Set Theory Axioms [Optional]

Match the name of the set theory axiom to its corresponding statement. Try not to look back at the slides!

\(\forall x \exists p\forall s.s \subseteq x\) IFF \(s \in p\)

If \(S\) is a set and \(P(x)\) is a predicate, then \(\{x \in S \mid P(x)\}\) is a set.

\(\forall x.[x \neq \emptyset\) IMPLIES \(\exists y.y\) is \(\in\)minimal in \(x\)]

\(\forall x [x \in y\) IFF \(x \in z]\) IFF \(\forall x[y \in x\) IFF \(z \in x]\)

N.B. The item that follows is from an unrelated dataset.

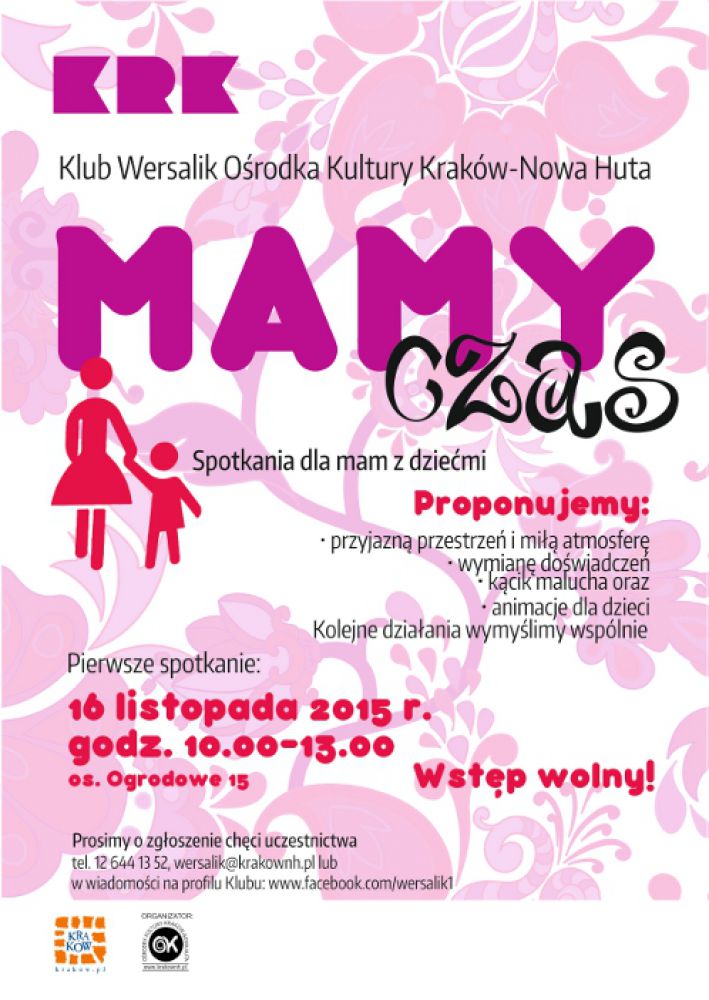 Zapraszamy na pierwsze spotkanie dla mam z dziećmi w Klubie Wersalik Orodka Kultury Kraków-Nowa Huta (os. Ogrodowe 15) w poniedziałek 16 listopada w godz. 10.00-13.00. MAMY czas to propozycja wspólnego spędzania czasu w miłej, nieformalnej atmosferze. Zapewniamy przyjaznš przestrzeń, kšcik dla Waszych maluszków, a także zabawy z animatorem. Nie zabraknie czasu na wspólnš wymianę dowiadczeń przy herbacie lub kawie. Nad kolejnymi działaniami pomylimy wspólnie i razem je zaplanujemy. Prosimy o zgłoszenie chęci wzięcia udziału (tel. 12 644 13 52, wersalik@krakownh.pl). Ze względów organizacyjnych iloć miejsc jest ograniczona.

Suppose the Foundation Axiom did not hold and there are sets \(T, U, V\) such that \(T \in U \in V \in T\), and there are no other membership relations among them.
For each of the following sets, indicate whether it has an \(\in\)minimal element.
The empty set \(\emptyset\)
The empty set \(\emptyset\) has no elements so it cannot have an \(\in\)minimal element. 
\(T\)
\(T= \{V\}\) is possible, and since \(V \notin V\), the element \(V\) is \(\in\)minimal in \(T\) in this case. But if \(T= \{V,S\}\), where \(V \in S\) and \(S \in V\) for some set \(S\), then \(T\) has no \(\in\)minimal element. 
\(\{T\}\)
\(T\) is an \(\in\)minimal element of \(\{T\}\) because we know that \(T \notin T\). 
\(\{V, T\}\)
\(\{V, T\}\) has the \(\in\)minimal element \(V\), since we know that \(T \notin V\) and \(V \notin V\). 
\(\{U, V, T\}\)
None of the elements in \(\{U, V, T\}\) is \(\in\)minimal because each has one of the others as a member. 
\(\{T, U, V\}\)
\(\{T, U, V\} = \{U, V, T\}\), so the answer is the same as above. 
\(\{\emptyset, T, U, V\}\)
Yes, \(\{\emptyset, T, U, V\}\) has the \(\in\)minimal element \(\emptyset\).